- _DATASET_:

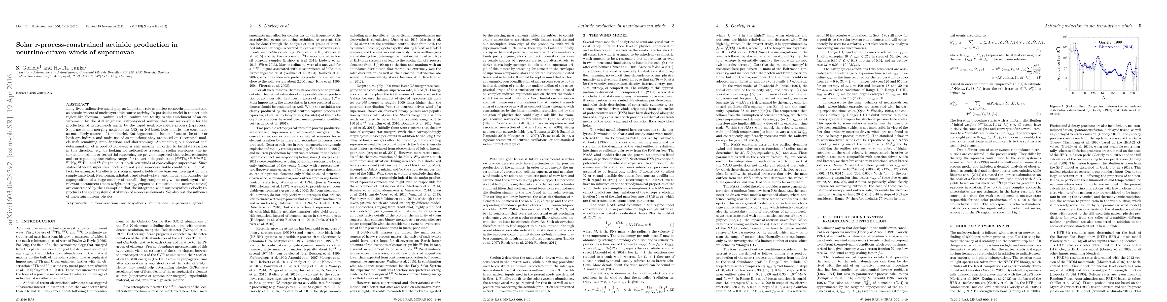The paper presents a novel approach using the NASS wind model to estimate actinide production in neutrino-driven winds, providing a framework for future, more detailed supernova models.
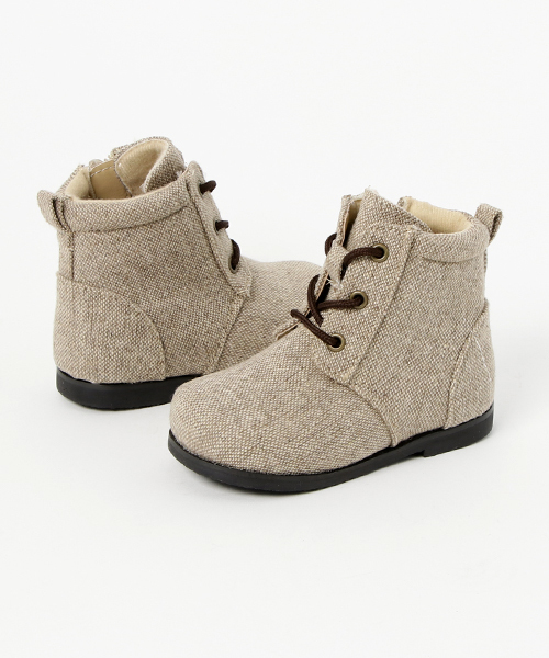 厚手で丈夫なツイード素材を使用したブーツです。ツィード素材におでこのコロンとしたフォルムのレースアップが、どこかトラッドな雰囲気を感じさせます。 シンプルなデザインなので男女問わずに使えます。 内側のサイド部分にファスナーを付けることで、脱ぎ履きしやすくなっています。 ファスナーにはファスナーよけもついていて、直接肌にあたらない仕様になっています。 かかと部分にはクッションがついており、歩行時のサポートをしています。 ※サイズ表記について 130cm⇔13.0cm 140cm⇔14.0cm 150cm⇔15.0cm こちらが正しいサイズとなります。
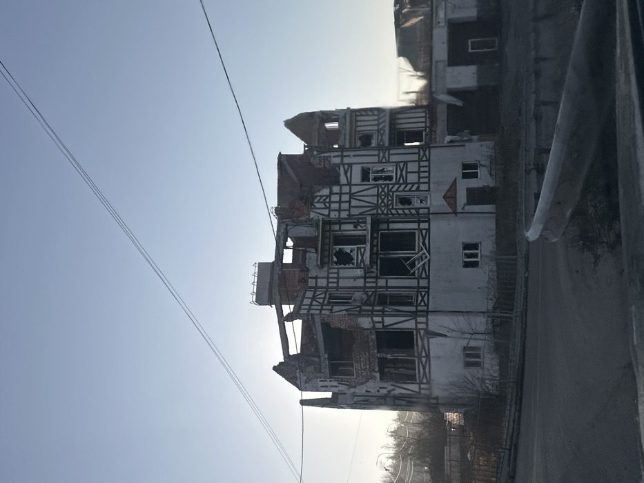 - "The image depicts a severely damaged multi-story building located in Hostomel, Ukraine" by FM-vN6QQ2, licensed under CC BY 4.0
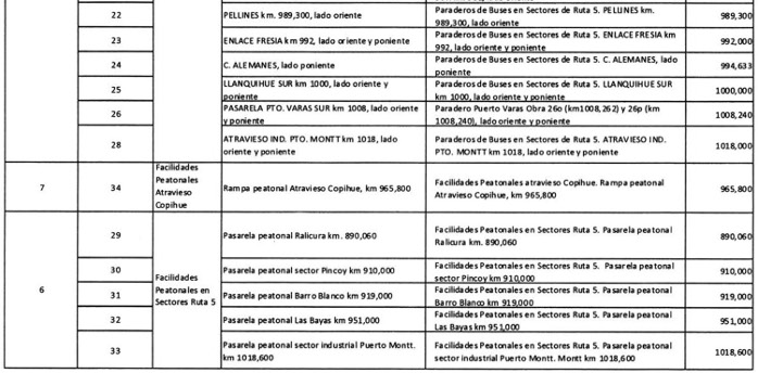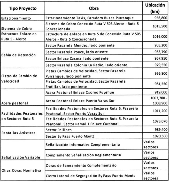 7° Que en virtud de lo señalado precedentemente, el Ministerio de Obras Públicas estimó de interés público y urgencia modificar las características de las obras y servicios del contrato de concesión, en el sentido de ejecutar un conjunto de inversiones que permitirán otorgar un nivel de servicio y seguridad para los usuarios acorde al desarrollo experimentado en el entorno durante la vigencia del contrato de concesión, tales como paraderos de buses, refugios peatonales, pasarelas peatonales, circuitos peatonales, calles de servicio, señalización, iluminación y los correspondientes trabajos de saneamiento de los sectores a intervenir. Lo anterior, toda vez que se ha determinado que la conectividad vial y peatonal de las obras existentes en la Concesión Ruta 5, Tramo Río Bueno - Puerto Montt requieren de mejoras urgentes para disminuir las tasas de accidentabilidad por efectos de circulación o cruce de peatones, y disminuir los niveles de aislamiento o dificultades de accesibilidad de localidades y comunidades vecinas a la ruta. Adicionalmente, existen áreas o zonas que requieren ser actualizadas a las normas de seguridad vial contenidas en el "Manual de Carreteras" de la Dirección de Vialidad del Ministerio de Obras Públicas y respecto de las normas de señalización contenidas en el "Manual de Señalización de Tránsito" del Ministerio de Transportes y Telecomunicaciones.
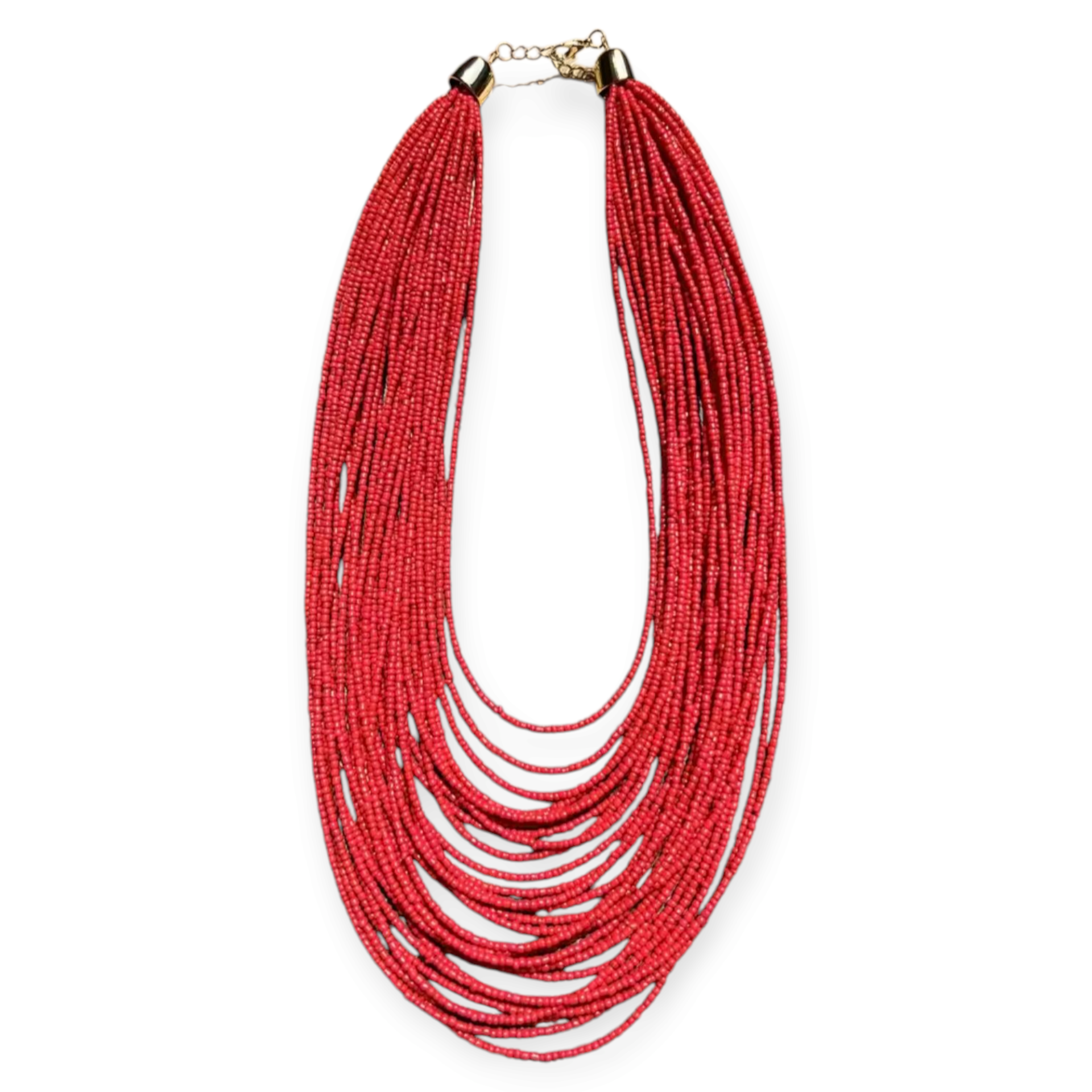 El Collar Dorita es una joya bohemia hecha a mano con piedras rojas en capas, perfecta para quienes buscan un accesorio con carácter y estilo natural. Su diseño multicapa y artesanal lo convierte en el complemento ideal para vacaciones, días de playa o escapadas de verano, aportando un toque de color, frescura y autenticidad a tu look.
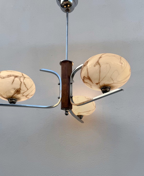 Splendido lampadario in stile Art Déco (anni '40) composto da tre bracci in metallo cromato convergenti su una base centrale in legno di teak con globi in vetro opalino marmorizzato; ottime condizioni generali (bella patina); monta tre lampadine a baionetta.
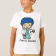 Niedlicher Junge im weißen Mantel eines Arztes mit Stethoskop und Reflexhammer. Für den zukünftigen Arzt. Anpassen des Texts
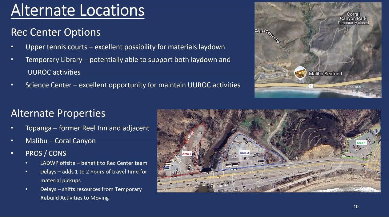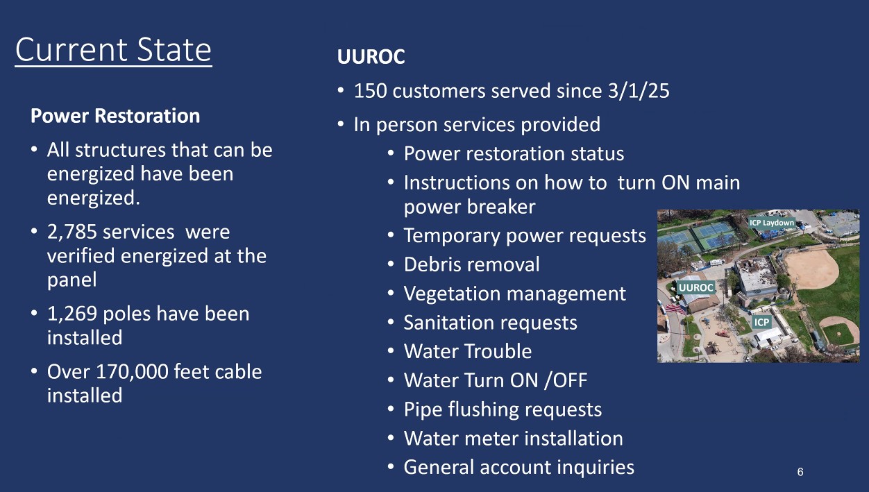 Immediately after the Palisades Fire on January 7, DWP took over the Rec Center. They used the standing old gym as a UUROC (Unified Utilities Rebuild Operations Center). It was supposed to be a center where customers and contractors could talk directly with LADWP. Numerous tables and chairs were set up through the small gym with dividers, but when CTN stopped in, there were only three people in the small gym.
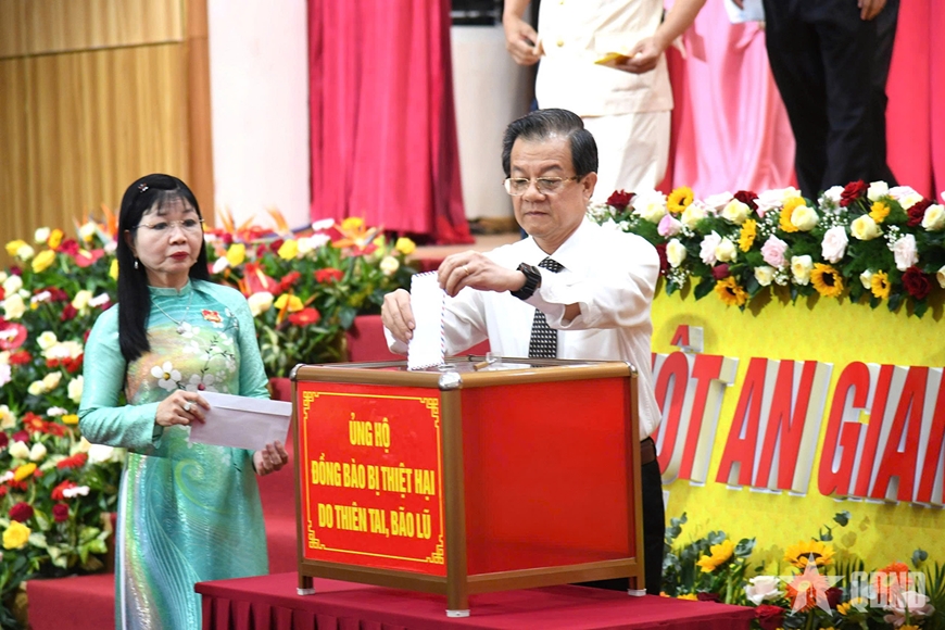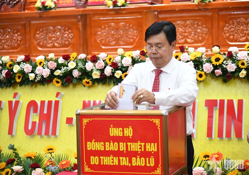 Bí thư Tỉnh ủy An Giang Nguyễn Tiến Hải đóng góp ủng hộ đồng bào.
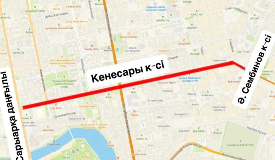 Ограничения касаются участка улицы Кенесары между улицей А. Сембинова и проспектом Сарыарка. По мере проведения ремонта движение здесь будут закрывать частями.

- _EXERCISE_: Please give back exactly, and with no pictures, the lines from where the listing above begins through the line containing "140cm⇔14.0cm 150cm⇔15.0cm こちらが正しいサイズとなります。".

- _REPLY TO THE EXERCISE_:
The paper presents a novel approach using the NASS wind model to estimate actinide production in neutrino-driven winds, providing a framework for future, more detailed supernova models.
 厚手で丈夫なツイード素材を使用したブーツです。ツィード素材におでこのコロンとしたフォルムのレースアップが、どこかトラッドな雰囲気を感じさせます。 シンプルなデザインなので男女問わずに使えます。 内側のサイド部分にファスナーを付けることで、脱ぎ履きしやすくなっています。 ファスナーにはファスナーよけもついていて、直接肌にあたらない仕様になっています。 かかと部分にはクッションがついており、歩行時のサポートをしています。 ※サイズ表記について 130cm⇔13.0cm 140cm⇔14.0cm 150cm⇔15.0cm こちらが正しいサイズとなります。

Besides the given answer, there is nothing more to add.